# check for authorized keys from script [SOLVED]

## Geddy Leon

How can I, using a bash script, check if a remote machine has my public key in it's authorized_keys file and print a message and exit if it doesn't.

Something like:

```

if grep "Password" in `ssh my_user@some_host.com true`

     echo "ssh keys not set up, exiting..."

     exit 1

else

     echo "log in successful, starting processing..."

     do ssh commands

     do more commands ...

     exit

fi

```

any suggestions would be great...Last edited by Geddy Leon on Sun Jan 25, 2009 6:47 pm; edited 1 time in total

----------

## timeBandit

Assuming you don't want to be prompted for passwords or passphrases: in general, you can't.

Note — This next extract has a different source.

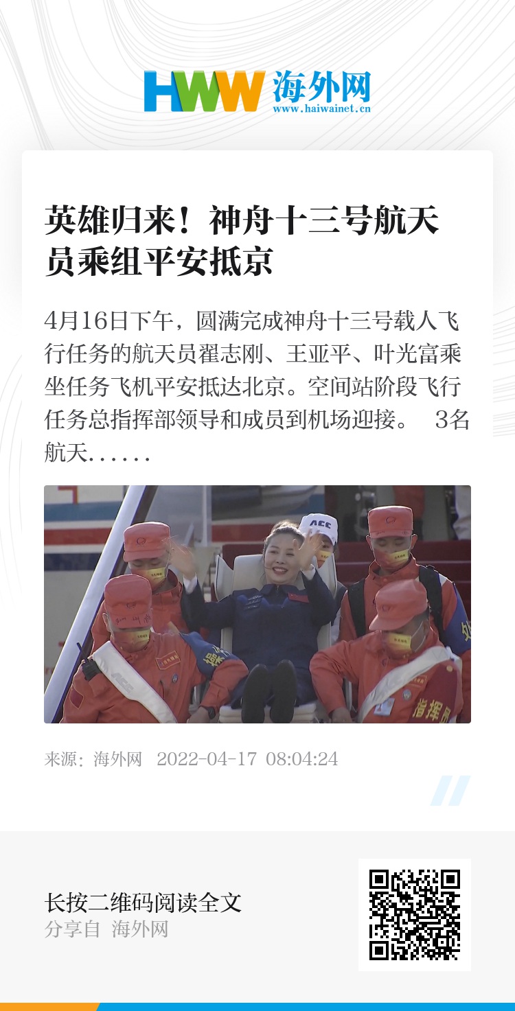 4月16日下午,圆满完成神舟十三号载人飞行任务的航天员翟志刚、王亚平、叶光富乘坐任务飞机平安抵达北京。空间站阶段飞行任务总指挥部领导和成员到机场迎接。 3名航天员抵京后将进入医学隔离期,进行全面的医学检查和健康评估,并安排休养。

If the key is not protected by a passphrase, or you don't mind being prompted to enter the passphrase, this works:

```
result="$(ssh -oIdentityFile=/path/to/private.key user@host 'echo OK')"

if [ $? != 0 ] ; then

    echo Failed

elif [ "$result" = "OK" ] ; then

    echo Key is valid

else

    echo Denied

fi
```

Note even this is flawed: If the server is configured to allow password- and key-based authentication, it will fall back to a password prompt if the private key isn't accepted.

----------

## magic919

Take a look at Expect instead of bash scripts.  Should be able to do what you want.

----------

## Geddy Leon

Thanks for the tips.

Expect will probably work, yeah. I don't need to run an interactive session though. I just want to check whether or not I get prompted for a password. To use expect I would have to check if it's installed, emerge if not, etc... from the script.

timeBandit's script is something like I was hoping for but it still outputs "Password:" to the terminal if the public key isn't set up at the remote machine.  I was thinking the "Password:" goes to stdout or stderr or something, which can be redirected and grepped through, but apparently not. 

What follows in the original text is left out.